▶ PROBLEM DESCRIPTION
Print the records below exactly, starting at the first line and stopping after the line that contains "Choveu um monte, mas". Leave out any pictures.

Data entries
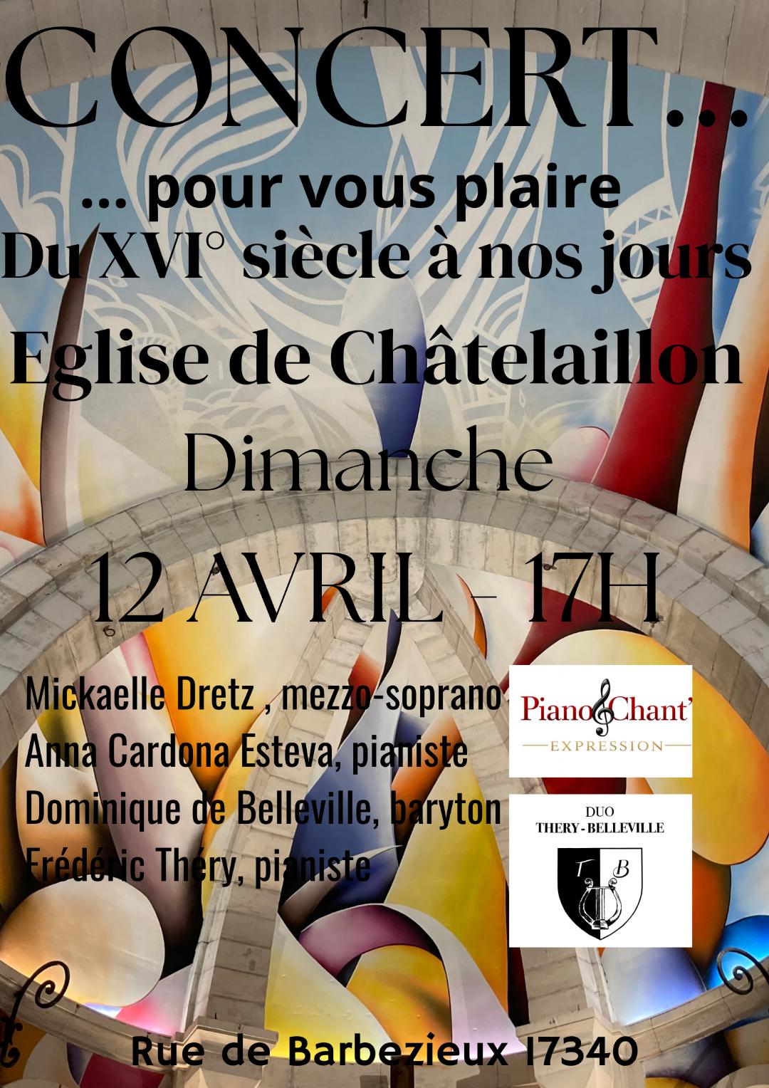 "Concert pour vous plaire, du XVI° siècle à nos jours", takes place on April 12, at 5pm at the Châtelaillon-Plage church! The church will host an exceptional concert by four talented artists, featuring a rich and varied musical program!
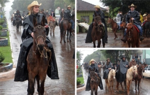 Choveu um monte, mas mesmo assim aconteceu neste domingo a cavalgada em comemoração aos 20 anos de Farol. A prefeita Angela Kraus botou uma capa, um chapéu e encarou o aguaceiro em cima do alasão. O deputado Wilson Quinteiro esteve por lá e acompanhou a prefeita. Ah, São Pedro!...
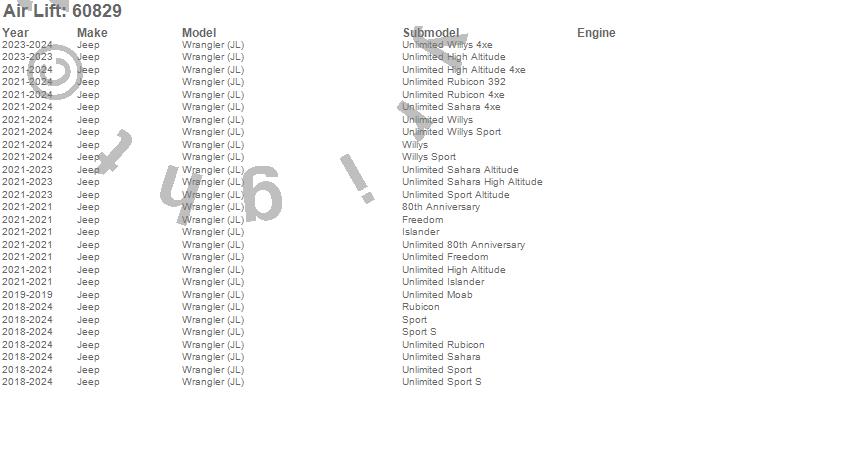 Below is an abbreviated list of applications for the Air Lift 1000 Coil Spring.
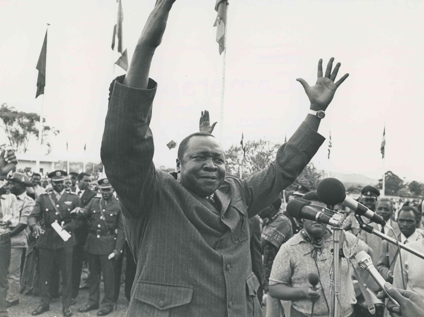 President of Uganda, Idi Amin Dada during an Organization of. African Unity Summit in Kampala. 1975
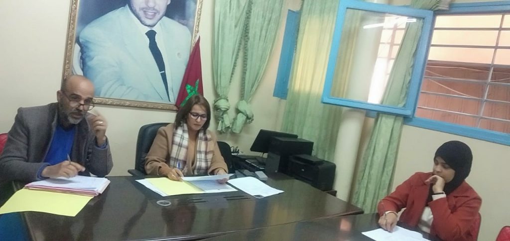 تطبيقا لمقتضيات المادة 28 من القانون التنظيمي 113.14 المتعلق بالجماعات عقدت اللجنة المكلفة بالتنمية الاجتماعية و الثقافية و الرياضية اجتماعا لها ، تراسته السيدة زهرة افيس رئيسة اللجنة و حضره السيد عبد الرحيم عياد المفوض في القطاع ، و حضره السادة اعضاء اللجنة و السادة الموظفين العاملين بالمصلحة المعنية ، يومه الخميس 17 مارس 2022 انطلاقا من الساعة العاشرة و النصف صباحا بمقر الجماعة ، وقد تضمن جدول اعمال الاجتماع النقط التالية :
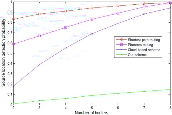 We employed the probability that the adversary can locate the source node in the simulation period to estimate our scheme. The probability was calculated by the number of times that the adversary can locate the source node to the total time of runs. As shown in Figure 8, with the increasing of the hunters’ number, the source-location detection probability increases for all the four schemes. The shortest path routing algorithm cannot protect the source location properly. Phantom routing algorithm performs better because of the random walk phase. However, the adversary can easily locate the source node by employing several hunters together. Though the cloud-based scheme can defend against the adversary if the number of hunters is small, it cannot defend the smart adversary model if the number of hunters is large. Our scheme performs the best because it is extremely hard for the adversary to find the cloud let alone the source node.
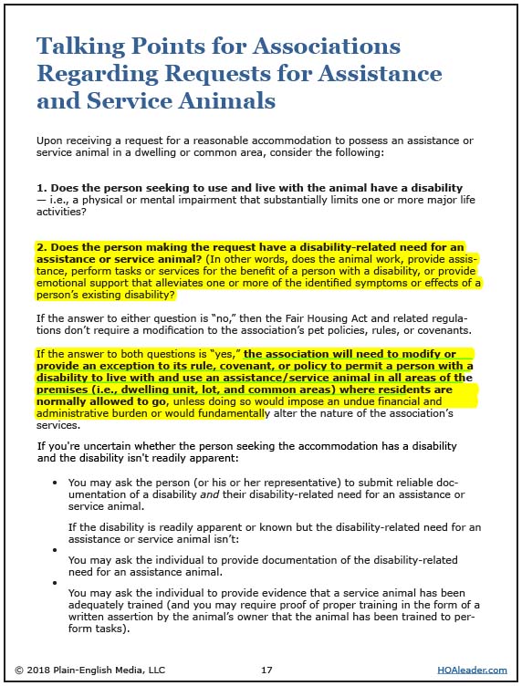 In further research, I found that each of these Special Reports from HOAleader.com is valued at $99 per issue for non-members. Additionally, I discovered that one was a 42-page booklet called Pets at Condos and HOAs: Best Practices for the Challenges that Come with Residents’ Animals. Inside that booklet beginning on page 17 is a feature called Talking Points for Associations Regarding Requests for Assistance and Service Animals, in regard to assistance and service animals suggests:
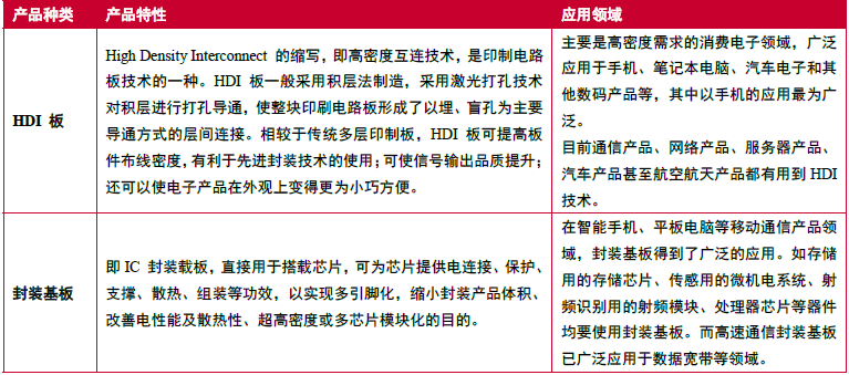 电子产品智能化、小型化和功能多样化发展,国内PCB 产品从中低端向高端迈进。PCB 产品分类方式多样,按照线路图层,可分为单面板(最基本,零件集中在其中一面,导线则集中在另一面)、双面板(绝缘基板两面均有导电图形)以及多层板(有四层或四层以上导电图形);按照产品结构,可以分为刚性版、挠性板、刚挠结合板、HDI 板、IC 封装板。据 Prismark,2020 年,多层板占比最高达 37.97%,挠性板和刚挠结合板次之占比 19.14%,IC 封装板和 HDI 板分别为 15.62%、15.26%,单双层板占比最低为 12.01%;据Prismark 预测,2025 年,HDI 板、IC 封装基板、挠性板及刚挠结合板市占率有望提升至 52.48%。国内 PCB产品相对集中在中低端,据 Prismark,2019 年多层板八层以下我国在全球占有率达 72%,但在 18 层以上电路板领域,我国全球占有率低于 32%。随着电子产品智能化、小型化和功能多样化发展,PCB 导线宽度、间距、微孔盘的直径和孔中心距离,以及导体层和绝缘层的厚度要求都在不断缩小,带动 PCB 中高端市场增长。

▶ RESULT OF THIS TASK
 "Concert pour vous plaire, du XVI° siècle à nos jours", takes place on April 12, at 5pm at the Châtelaillon-Plage church! The church will host an exceptional concert by four talented artists, featuring a rich and varied musical program!
 Choveu um monte, mas mesmo assim aconteceu neste domingo a cavalgada em comemoração aos 20 anos de Farol. A prefeita Angela Kraus botou uma capa, um chapéu e encarou o aguaceiro em cima do alasão. O deputado Wilson Quinteiro esteve por lá e acompanhou a prefeita. Ah, São Pedro!...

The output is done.